Понятие «хруст», приложимое, как правило, к явлениям физическим, в равной мере может быть спроецировано на то, что случилось 16 апреля сорок пятого года, после того как войска Жукова, включив тысячи прожекторов, обрушили на позиции немецких войск, укрепившихся на Одерском редуте, ураган снарядов, мин и бомб.
Хрустела не только оборона; хрустел рейх; то, что еще за мгновение перед началом удара являло собой структуру, волю массы противной стороны, сейчас медленно, разрываемое тающими, стремительными трещинами, неумолимо и грохочуще оседало, поднимая при этом смерч душной пыли и гари.
…В Цоссене, в штаб-квартире Кребса, сменившего Гудериана, телефоны звонили беспрерывно (связь работала по-немецки отменно); известия с Одера приходили через каждые пятнадцать минут.
Кребс, стоявший в кабинете возле карты, спиною к собравшимся, не мог не слышать, как глухо, но не испуганно уже, не шепотом, а открыто, громко, понимая надвигающийся ужас, кто-то из офицеров говорил его адъютанту Герхарду Болдту:
— Неужели американцы не успеют?! Ведь они на Эльбе, фронт открыт, их танки в Цербсте, неужели они не захотят войти в Берлин первыми?
Кребс обернулся, посмотрел куда-то поверх голов своих штабных и обратился к адъютанту:
— Пожалуйста, соедините меня с рейхсканцелярией: я должен понять, куда все-таки переводят главный штаб. Мое предложение остается прежним — Берхтесгаден… И не сочтите за труд принести мне стакан вермута…
Адъютант связался с бункером; генерал Бургдорф на вопрос об эвакуации сытно и снисходительно рассмеялся, пояснив при этом:
— Эвакуация на Берхтесгаден уже практически закончена, вопрос только за тем, когда выедет сам… Передайте Кребсу, что он приглашен в рейхсканцелярию 20 апреля на празднование дня рождения фюрера…

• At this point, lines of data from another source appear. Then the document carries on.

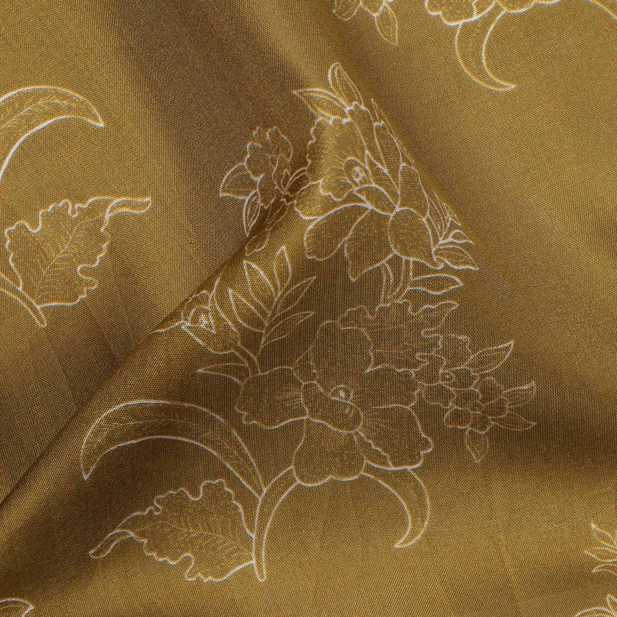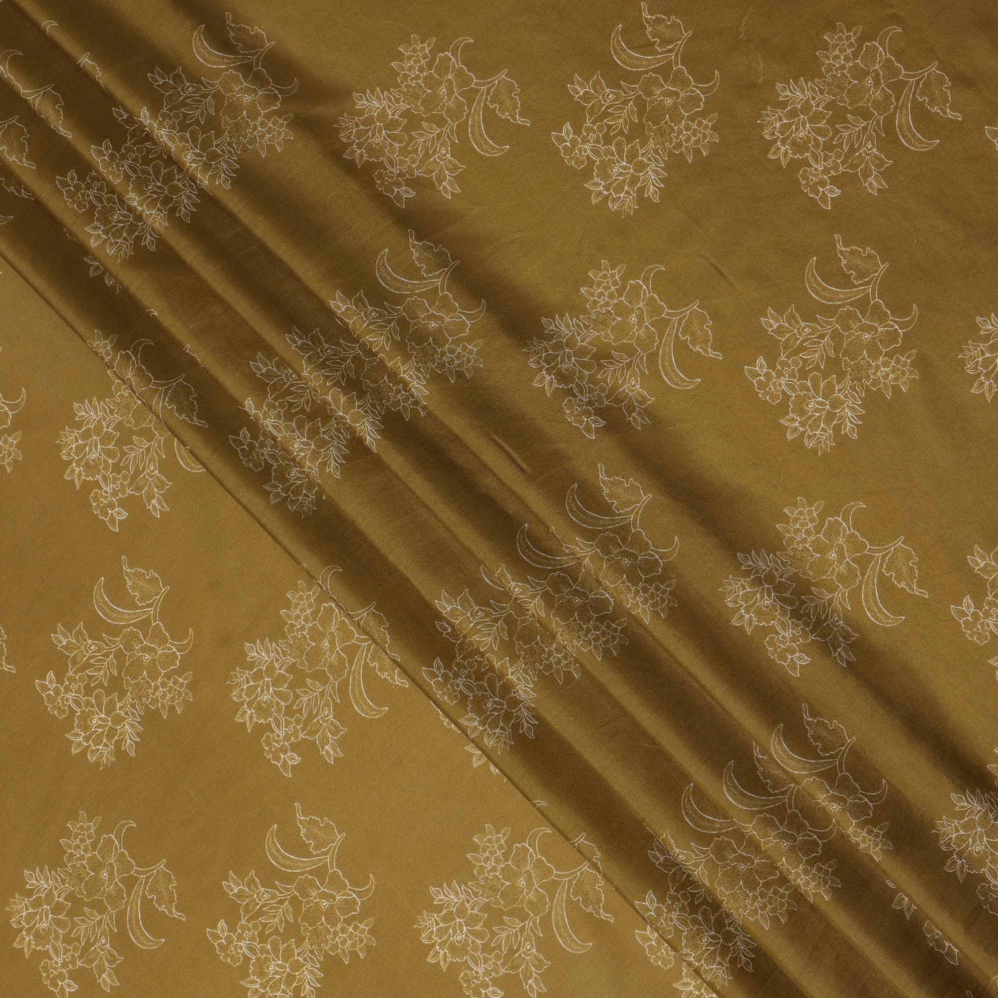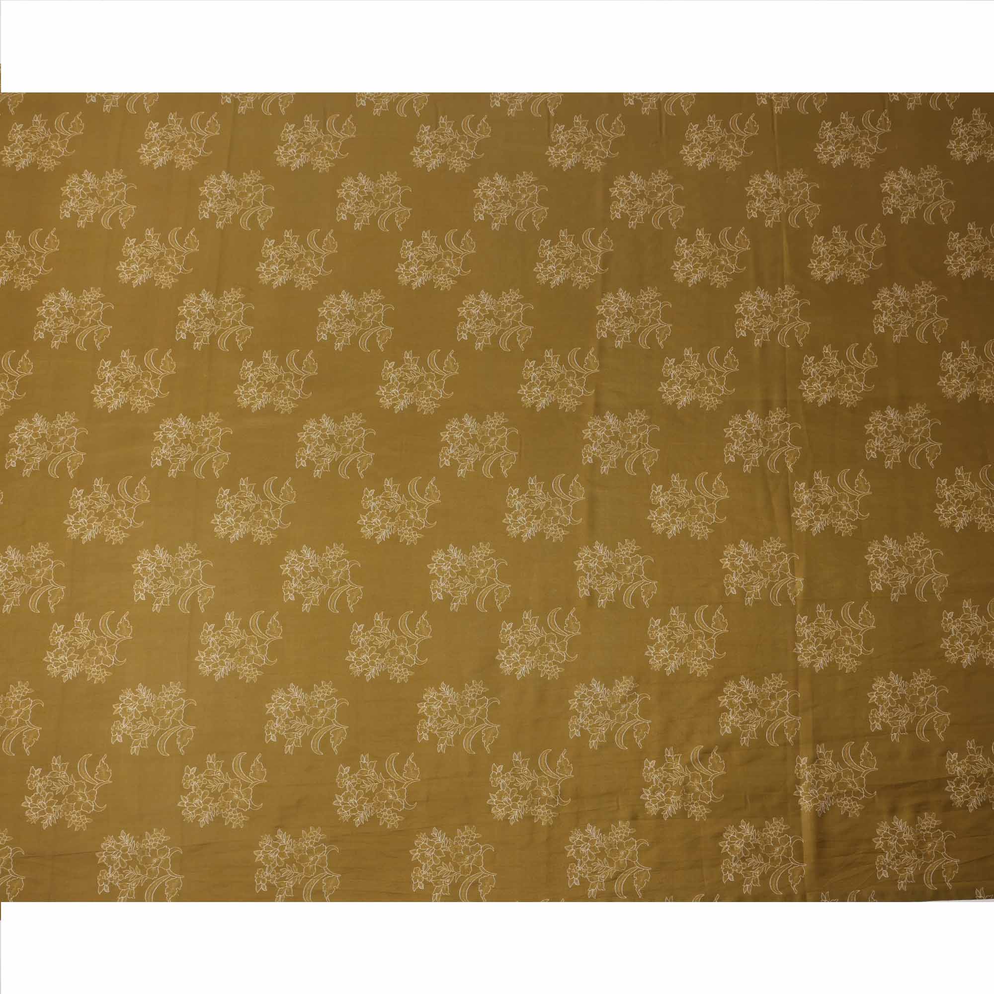 Antique Mustard with Beige Floral Outline Print Viscose Crepe Fabric, 110 Cms Width, Made in India-D23602
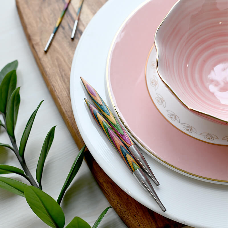 Las agujas circulares intercambiables de Symfonie están disponibles en 2 longitudes de aguja con una variedad de longitudes de cable sin pliegues para una amplia gama de proyectos de tejido, desde pequeños a grandes.
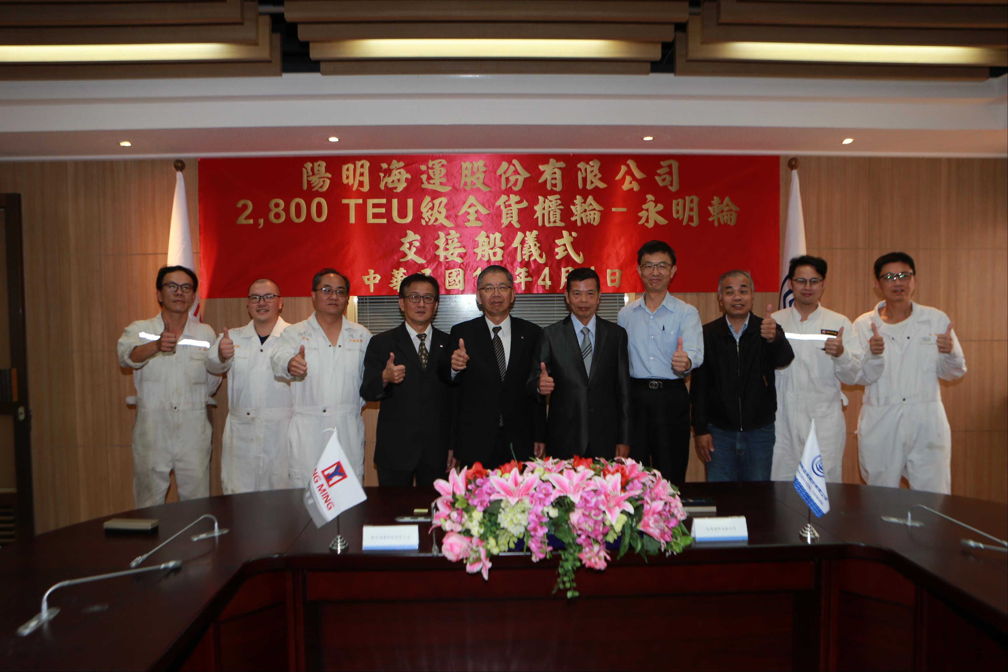 台船公司為陽明海運建造2,800 TEU級全貨櫃輪「永明輪」交船文件簽署
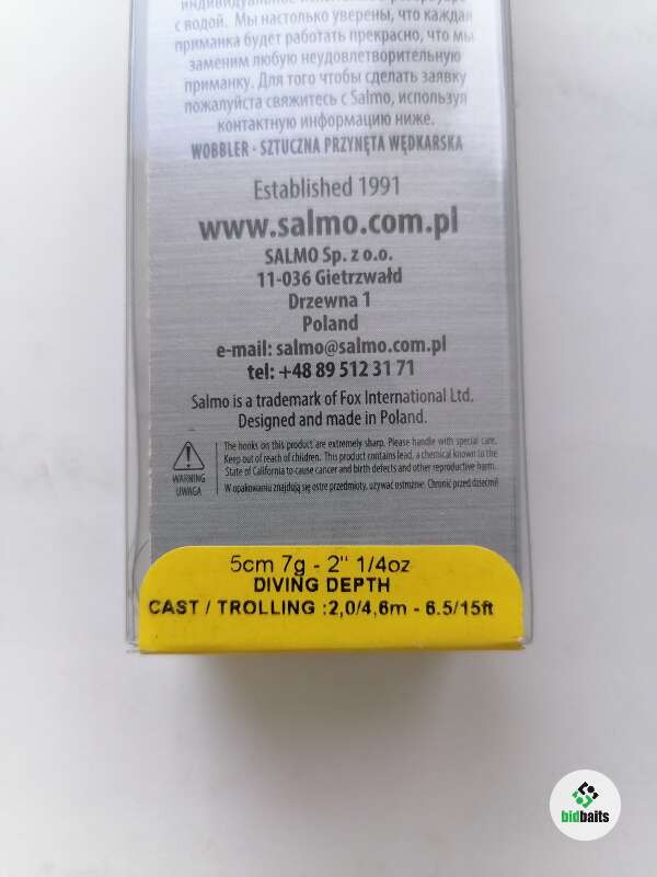 Новый Salmo Hornet 5F, цвет - HOLOGRAPHIC SUPER BLEAK (HRB), плавающий. Длина - 5 см., вес - 7 грамм. Заглубление, указанное на коробке: 2,0/4,6 метра. По факту в районе 3-х метров.
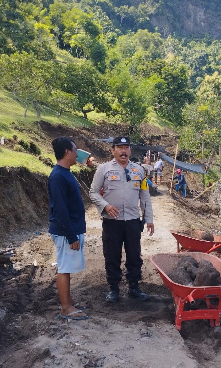Bhabinkamtibmas Desa Ngis Aiptu I wayan Jelantik Dirga,.pada hari Minggu tgl 4 Mei 2024 pukul 10, 05 wita, melaksankan sambang ke Banjar Pekarangan tepatnya ke proyek senderan yang rencananya akan dibikin villa oleh tamu dari Prancis yang sudah lama tinggal di Bali.
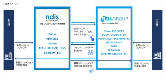 NDISが持つ『CB3』等の汎用的なAI関連ソリューションや『Domo』に代表されるBIプラットフォームに関する知見と、ベル・データが持つ『PowerクラウドNEXT』や『生成AI連携サービスfor i』などのIBM i (AS/400)に特化したソリューションやサービスを相互に取り扱い、より多くのお客様にご活用いただくことで、現在の課題解決と新たな価値創出を目指します。
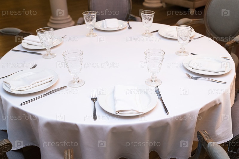 Насладитесь круглым обеденным столом с белой скатертью в ресторане
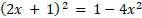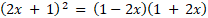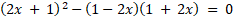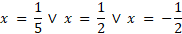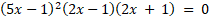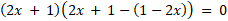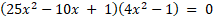 Wyznacz rozwiązania spełniające oba równania (2x + 1)2 = 1 – 4x2 i (25x2 – 10x + 1)(4x2 – 1) = 0.
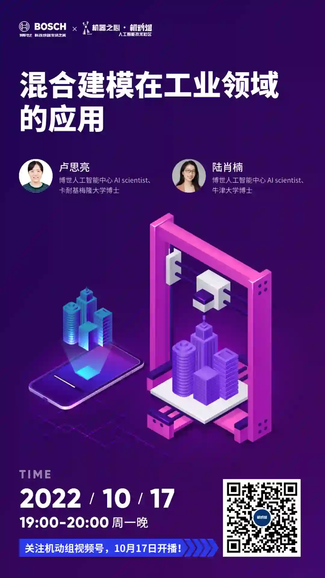 10月17日19:00-20:00,来自博世中国的卢思亮、陆肖楠两位专家将深入解读「混合建模在工业领域的应用」。这次分享着重于混合模型建模,一种结合机理模型和数据驱动模型的思路,帮助大家学习到混合建模的核心,为踏入工业界打好基础。
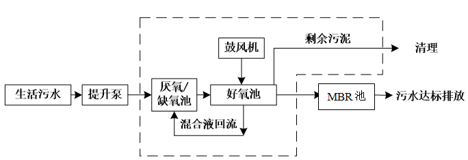污水经过接触氧化后,夹带氧化过程中产生的少量的活性污泥及新陈代谢脱落的生物膜,以及不能进行生物降解的少量固形物,进入MBR池进行固液分离,使水得到澄清排出。沉淀的污泥全部回流至厌氧池作进一步消化减少剩余污泥。
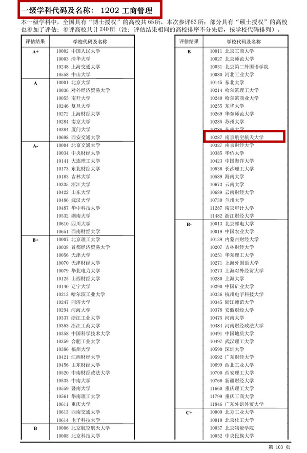 管理科学与工程学科再度攀升,进入全国A-档行列,排位全国前5.3%,进入前10,与力学、机械工程一起成为南航进入A-档“三甲”,工商管理学科也突破性地进入全国B档行列,排位全国前20%,进入前50。其中管理科学与工程学科参评高校共计187所(博士授权高校85所),工商管理学科参评高校多达240所(博士授权高校63所)。
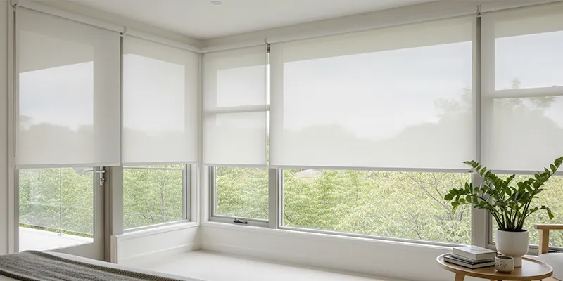 Roller blinds, Roman blinds, and cellular shades are great options for compact areas because they fit snugly within the window frame and roll up neatly when not in use. Their minimalist profiles maintain an uncluttered aesthetic, allowing your furnishings and décor to shine.
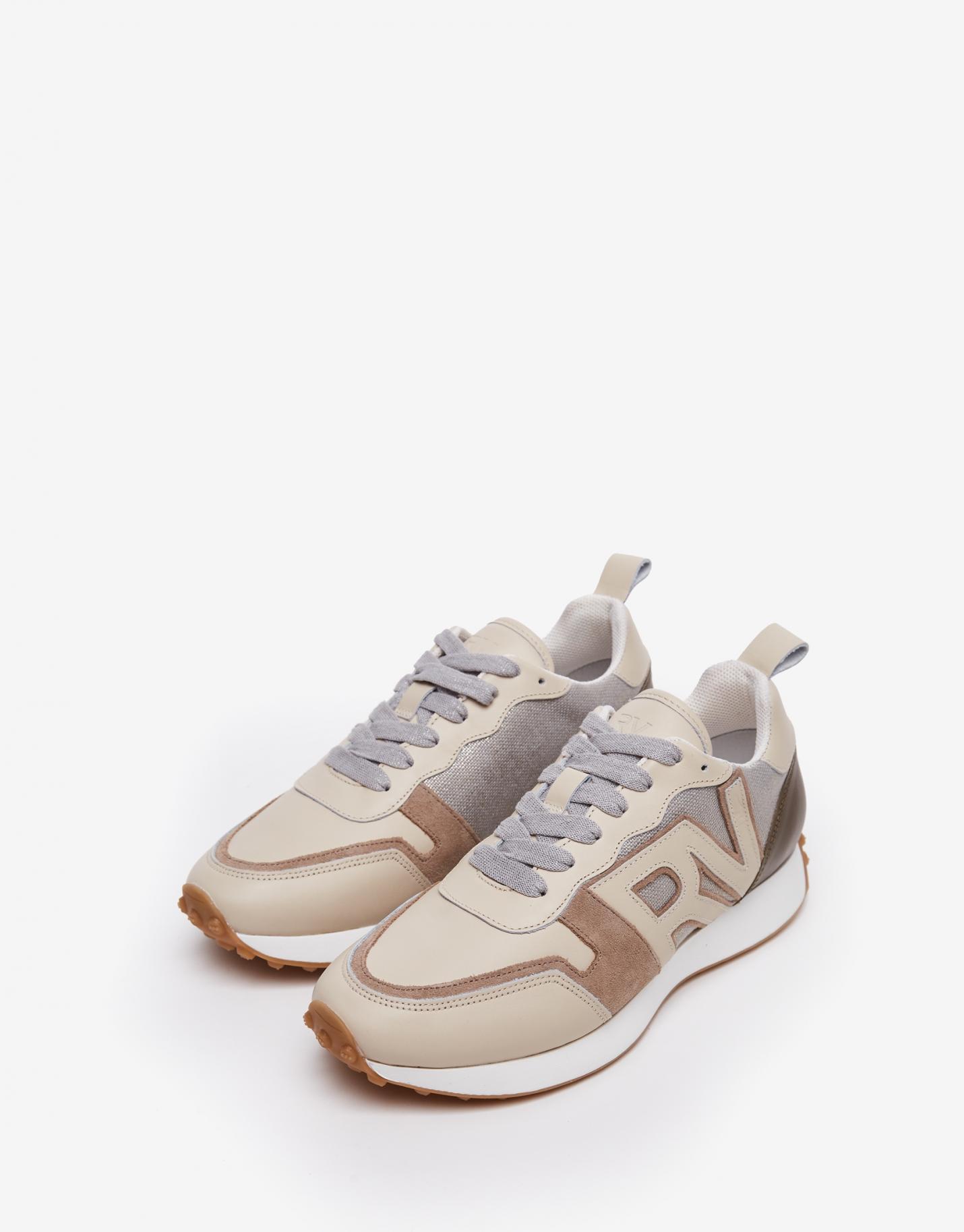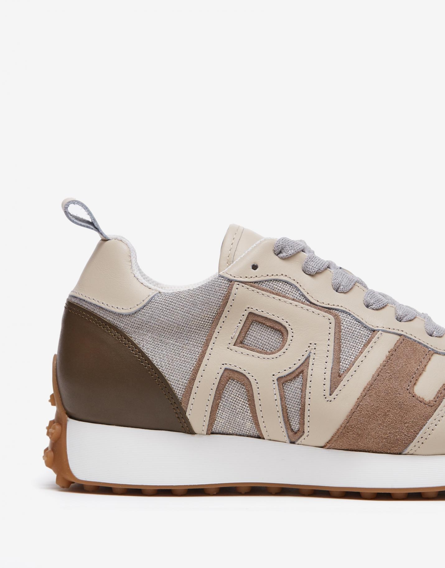 Zapatilla deportiva elaborada en combinación de piel color beige, ante en color cámel y tejido en color gris perla. Suela color blanco, cierre con cordones en gris y detalle de logo RV en laterales.
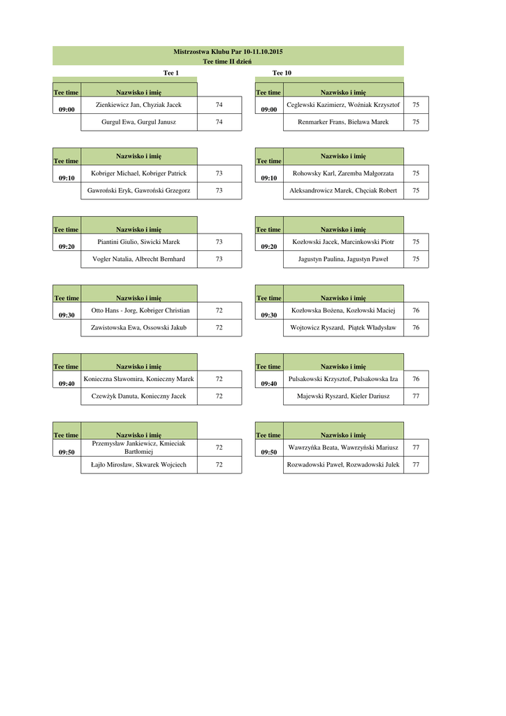 Mistrzostwa Klubu Par 10-11.10.2015 Tee time II dzień Tee 1 Tee 10 Tee time Nazwisko i imię 09:00 Zienkiewicz Jan, Chyziak Jacek 74 Gurgul Ewa, Gurgul Janusz 74 Tee time 09:10 Nazwisko i imię Kobriger Michael, Kobriger Patrick 73 Gawroński Eryk, Gawroński Grzegorz 73 Nazwisko i imię 09:20 Piantini Giulio, Siwicki Marek 73 Vogler Natalia, Albrecht Bernhard 73 Tee time Nazwisko i imię 09:30 Otto Hans - Jorg, Kobriger Christian 72 Zawistowska Ewa, Ossowski Jakub 72 Tee time Nazwisko i imię 09:40 Konieczna Sławomira, Konieczny Marek 72 Czewżyk Danuta, Konieczny Jacek 72 09:50 Nazwisko i imię Przemysław Jankiewicz, Kmieciak Bartłomiej Łajło Mirosław, Skwarek Wojciech Nazwisko i imię 09:00 Ceglewski Kazimierz, Woźniak Krzysztof 75 Renmarker Frans, Bieława Marek 75 Tee time Tee time Tee time Tee time 72 72 09:10 Nazwisko i imię Rohowsky Karl, Zaremba Małgorzata 75 Aleksandrowicz Marek, Chęciak Robert 75 Tee time Nazwisko i imię 09:20 Kozłowski Jacek, Marcinkowski Piotr 75 Jagustyn Paulina, Jagustyn Paweł 75 Tee time Nazwisko i imię 09:30 Kozłowska Bożena, Kozłowski Maciej 76 Wojtowicz Ryszard, Piątek Władysław 76 Tee time Nazwisko i imię 09:40 Pulsakowski Krzysztof, Pulsakowska Iza 76 Majewski Ryszard, Kieler Dariusz 77 Tee time Nazwisko i imię 09:50 Wawrzyńka Beata, Wawrzyński Mariusz 77 Rozwadowski Paweł, Rozwadowski Julek 77 Tee time Nazwisko i imię 10:00 Łęcka Antonina, Łęcki Andrzej 72 Libera Mariola, Madoń Dorota 72 Tee time Nazwisko i imię 10:10 Torta Maria, Torta Nello 71 Sowa Joanna, Sowa Mariusz 71 Tee time Nazwisko i imię 10:20 Ramos Grzegorz, Juchacz Maciej 71 Hanysz Mariusz, Matysiak Marek 71 Tee time Nazwisko i imię 10:30 Juhong Kim, Szramowski Jerzy 70 Drzewiecki Sebastian, Mroziński Artur 70 Tee time Nazwisko i imię 10:40 Polguj Maciej Piechowski Piotr Werner Sabian Budziński Harry 70 Tee time Nazwisko i imię 10:00 Pawłowska Renata, Pawłowski Krzysztof 77 Duczmal Marianna, Angeli Federico 77 Tee time Nazwisko i imię 10:10 Christensen Kim, McMurtrie Dean 78 Skoczyńska Alicja, Zimniak Anna 78 Tee time Nazwisko i imię 10:20 Staniul Bogusław, Rabiko Robert 78 Hałas Przemysław, Werens Józef 79 Tee time Nazwisko i imię 10:30 Jakubowska Agnieszka, Kaczarek Robert 79 Schuhl Andre, Pedersen Jan 80 Tee time Nazwisko i imię 10:40 Burdalski Krzysztof, Uchański Jacek 80 Jesiołkiewicz Anna, Krzyżaniak Jacek 80 70 Tee time Nazwisko i imię 10:50 Kaczmarek Robert, Malinowski Marcin 70 Czernicki Filip, Łodyga Dariusz 69 Tee time Nazwisko i imię 11:00 Sęk Ireneusz, Kasprowicz Michał 67 Herzberg Mayra, Fritsche Andreas 67 Tee time Nazwisko i imię 11:10 Walther Niels, Mehling Thomas 66 Sierewicz Tadeusz, Popin Arkadiusz 64 Tee time Nazwisko i imię 10:50 Kozłowska Mirosława, Kajkowski Piotr 82 Wierzbicki Dariusz, Jereminowicz Alan 83 Tee time Nazwisko i imię 11:00 Dudek Małgorzata, Dudek Adrian 84

…Вечером 19 апреля Борман остался в кабинете Гитлера после того, как все приглашенные на ежедневную военную конференцию были отпущены. Остаться один на один с фюрером было теперь не просто, несмотря на то что в бункере под рейхсканцелярией было построено ни мало ни много шестьдесят комнат. Раньше, в январе еще, здесь было пусто, лишь стояли посты охраны; Гитлер постоянно находился в «Волчьем логове», в Восточной Пруссии; ныне, после его переселения сюда, вдоль по стенам лестниц, ведших в подземный лабиринт, толпились гвардейцы СС; во многих комнатах расположились молодые парни из «личного штандарта» Гитлера, все как на подбор — двухметровые блондины с голубыми глазами; часть комнат была завалена ящиками с вином, анчоусами, сосисками, ананасами, креветками, шампиньонами, шоколадом, икрой, лососиной, ветчиной; на проходивших мимо генералов молодые парни из охраны внимания более не обращали — спали, ели, пили, громко смеялись, рассказывая сальные анекдоты; тишина соблюдалась лишь возле личных апартаментов Гитлера.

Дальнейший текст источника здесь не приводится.